### EXERCISE AIM
Leaving all pictures aside, copy exactly the lines from the start of the listing below through the line that contains "Wir schließen den", and only those lines.

### SOURCE DATA
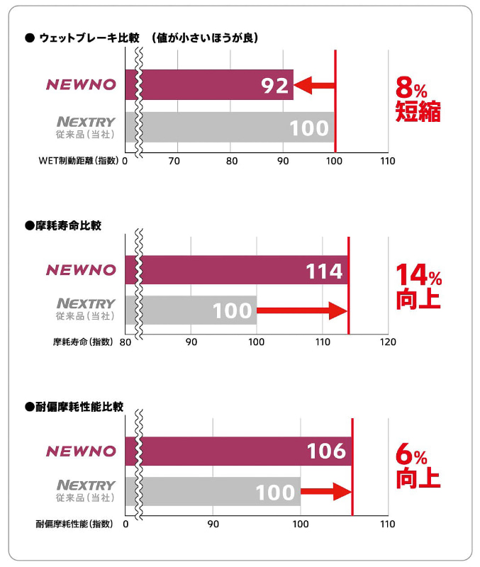これにより、従来品であるNEXTRYとの比較で、燃費性能を維持しながらウェットブレーキ性能が8%向上したほか、摩耗寿命を14%、耐偏摩耗性能を6%向上させている。
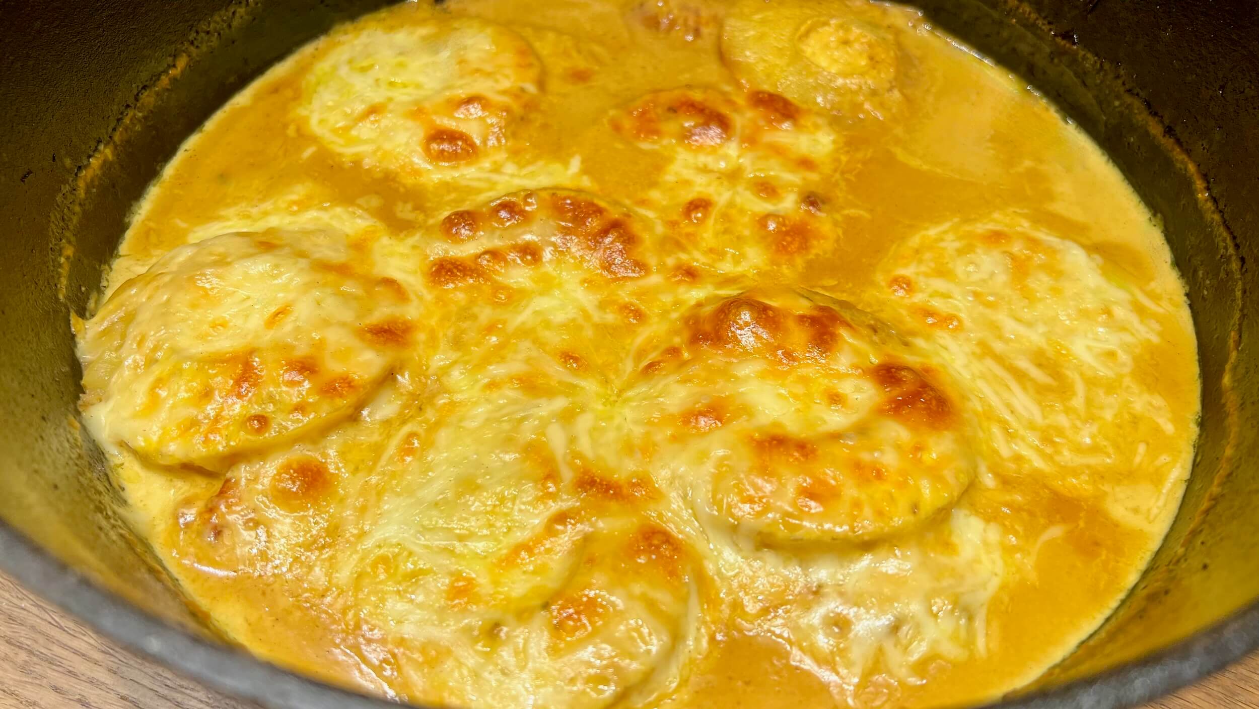 Wir schließen den Deckel und legen 8 Kokoko Eggs darunter und 8 auf den Deckel. Nun lassen wir das Gericht eine Stunde garen. Die Sauce wird cremig, das Hähnchen bleibt saftig und die Aromen verbinden sich optimal.
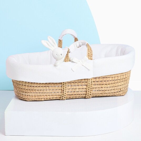 Cesta per neonato in vimini. Rivestimento in cotone e supporto in legno venduti separatamente. - Dimensioni: L 85 x l 44 x H 30 cm. Avvertenze: questo articolo è adatto per un bambino che non sa sedersi da solo, rotolare su se stesso, alzarsi in piedi in appoggio sulle mani e sulle ginocchia. Peso massimo del bambino: 9 kg.
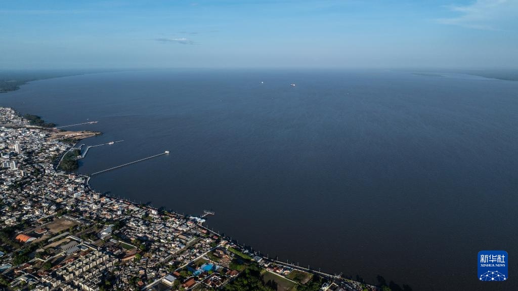 这是11月9日在巴西马卡帕市拍摄的城市与亚马孙河景观(无人机照片)。新华社记者 王天聪 摄

### ANSWER TO THIS PROBLEM
これにより、従来品であるNEXTRYとの比較で、燃費性能を維持しながらウェットブレーキ性能が8%向上したほか、摩耗寿命を14%、耐偏摩耗性能を6%向上させている。
 Wir schließen den Deckel und legen 8 Kokoko Eggs darunter und 8 auf den Deckel. Nun lassen wir das Gericht eine Stunde garen. Die Sauce wird cremig, das Hähnchen bleibt saftig und die Aromen verbinden sich optimal.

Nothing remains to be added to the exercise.